Parallel to US electric utility targeting, ALLANITE conducted equivalent operations against UK electric utilities using the same TTPs and toolset. The UK operations are referenced consistently alongside US activity in both Dragos's profile and the MITRE ATT&CK ICS group entry, indicating that ALLANITE treats US and UK electric infrastructure as equivalent targets within a single operational mandate. The simultaneous targeting of both US and UK electric sectors is consistent with the strategic interest of an actor tasked with understanding and gaining access to Western allied electric infrastructure — both countries are NATO members and Five Eyes partners, making their combined grid access a significant intelligence and contingency capability.
ALLANITE vs. Dragonfly: The Distinction That Matters
Dragos explicitly distinguishes ALLANITE from both Dragonfly (Energetic Bear) and DYMALLOY despite similar targeting and overlapping techniques. Understanding why Dragos treats these as separate actors — and why that distinction matters for defenders — requires examining the specific differences.

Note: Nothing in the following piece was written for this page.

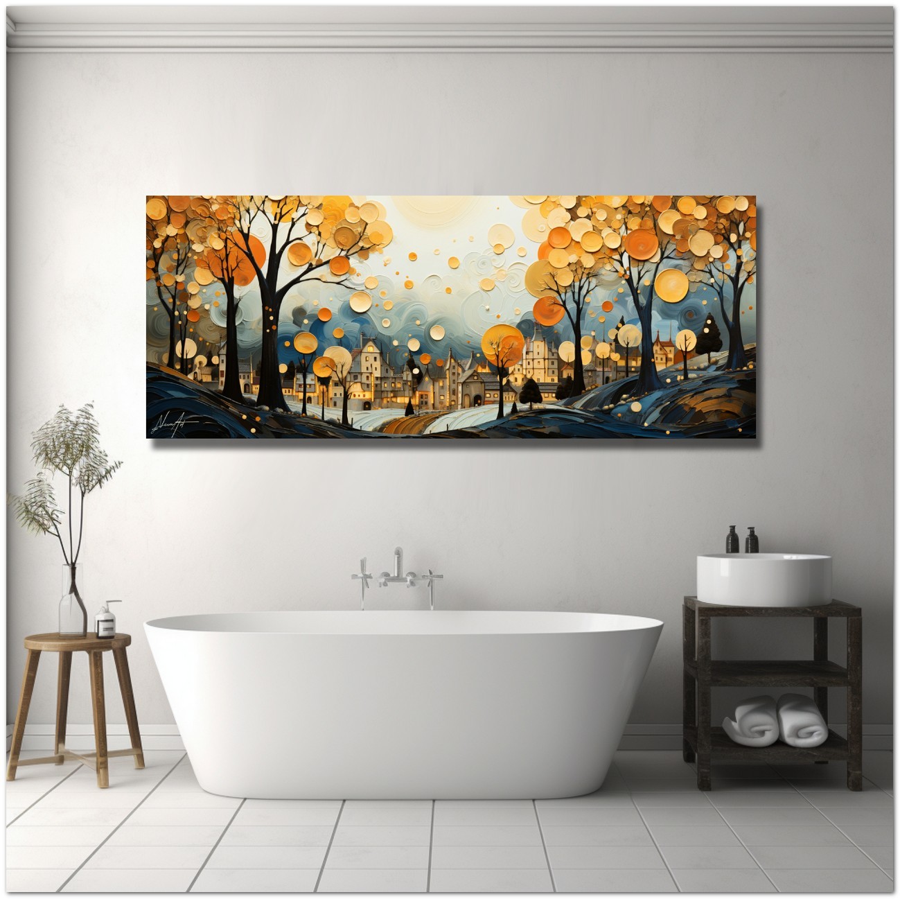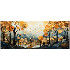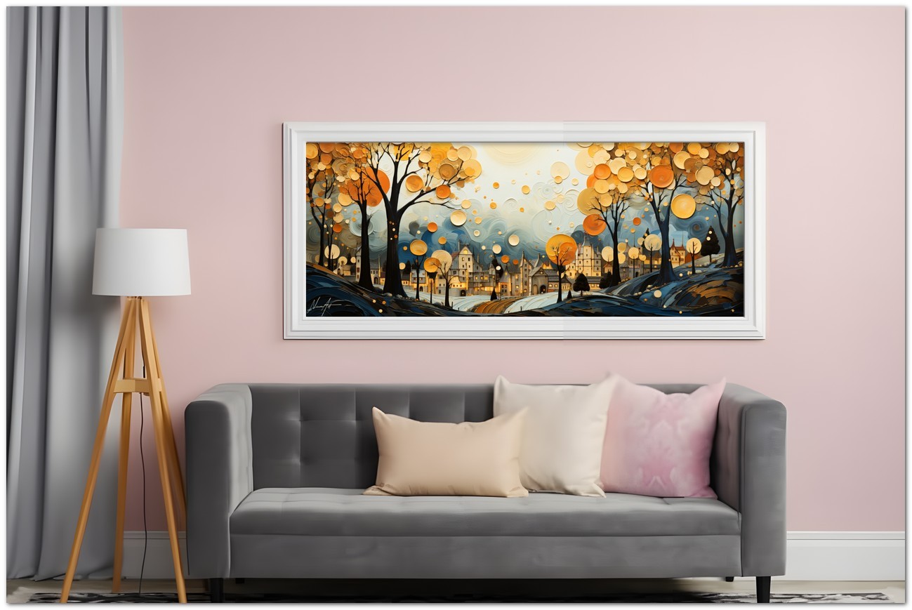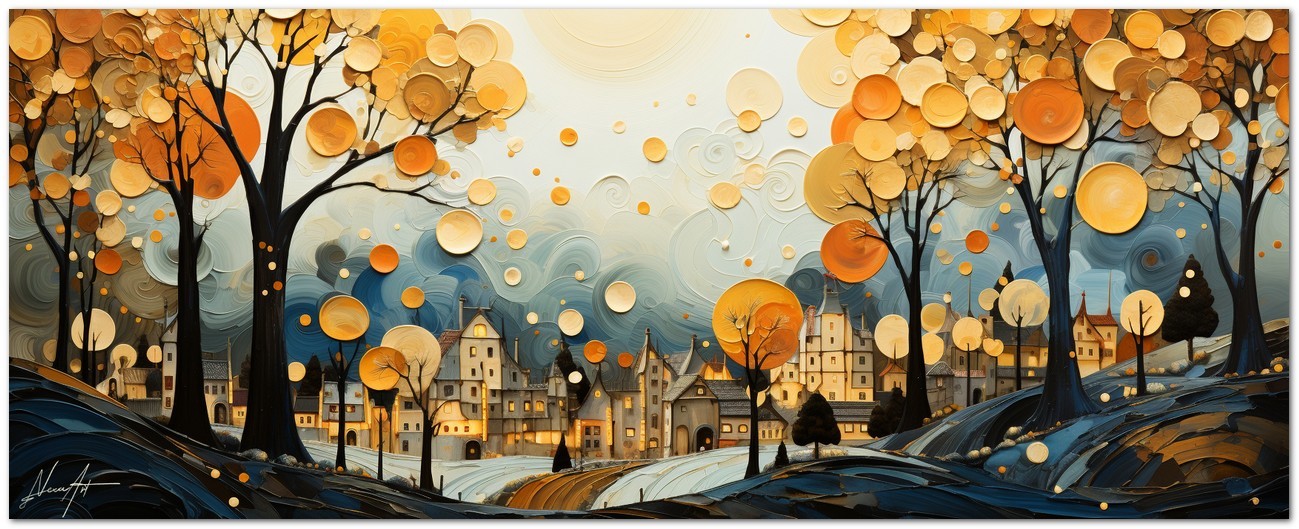 Dans cette œuvre numérique Golden Vesper, nous assistons à une scène de la vie quotidienne plongée dans une lumière dorée du soir. Les arbres aux feuilles transformées en une myriade de tons chauds, de l'orange au jaune vif, se fondent dans un ciel qui semble danser dans un vortex de nuages stylisés. Des maisons pittoresques parsèment le paysage, créant un sentiment de communauté calme et idyllique. La rivière qui traverse la scène reflète l’atmosphère magique du ciel, ajoutant une sensation de mouvement et de fluidité à l’ensemble de la composition. Processus créatif et innovation

- No Custom Malware: Dragonfly developed Havex — a purpose-built RAT with ICS-specific OPC scanning capability. ALLANITE has no equivalent. The complete absence of custom malware is the single most operationally significant difference, as it eliminates the malware-analysis pipeline that generated most of the public technical intelligence about Dragonfly's operations. There are no Havex samples to reverse-engineer, no C2 domains to sinkhole, no binary indicators to push to endpoint products. ALLANITE's operational footprint in forensic data looks like a system administrator with bad password hygiene.
- Overlapping DHS Attribution: The DHS's October 2017 TA17-293A alert combined both Dragonfly/DYMALLOY tactics and ALLANITE activity in a single document. Dragos's formal analysis identified these as separate actors that were operating in the same target space during the same timeframe — generating an overlap in the government's public reporting that obscured the distinction. This conflation created public confusion about whether ALLANITE was a subset of Dragonfly or a distinct entity.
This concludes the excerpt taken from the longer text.